Package Exports

This package does not declare an exports field, so the exports above have been automatically detected and optimized by JSPM instead. If any package subpath is missing, it is recommended to post an issue to the original package (vidistill) to support the "exports" field. If that is not possible, create a JSPM override to customize the exports field for this package.

Readme

vidistill

Video intelligence distiller — turn any video or audio file into structured notes, transcripts, and insights using Gemini.

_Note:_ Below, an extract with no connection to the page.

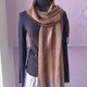 The shawl looks absolutely elegant! It is extremely soft, lightweight and has a silky touch. Silk has excellent permeability while cashmere helps retain warmth. You may wear it all year round and always look elegant!

Feed it a YouTube URL, local video, or audio file. It analyzes the content through multiple AI passes (scene analysis, transcript, visuals, code extraction, people, chat, implicit signals) and synthesizes everything into organized markdown output.

Install

npm install -g vidistill

Requires Node.js 22+ and ffmpeg.

Usage

vidistill [input] [options]

Arguments:

input — YouTube URL, local video, or audio file path (prompted interactively if omitted)

Options:

-c, --context — context about the video (e.g. "CS lecture", "product demo")
-o, --output — output directory (default: ./vidistill-output/)
-l, --lang <code> — output language (e.g. zh, ja, ko, es, fr, de, pt, ru, ar, hi)

Examples:

# Interactive mode — prompts for everything
vidistill

# YouTube video
vidistill "https://youtube.com/watch?v=dQw4w9WgXcQ"

# Local file with context
vidistill ./lecture.mp4 --context "distributed systems lecture"

# Audio file
vidistill ./podcast.mp3

# Custom output directory
vidistill ./demo.mp4 -o ./notes/

# Output in another language
vidistill ./lecture.mp4 --lang zh

Extract

Pull specific data from a previously processed video or re-run a targeted pass on a video file.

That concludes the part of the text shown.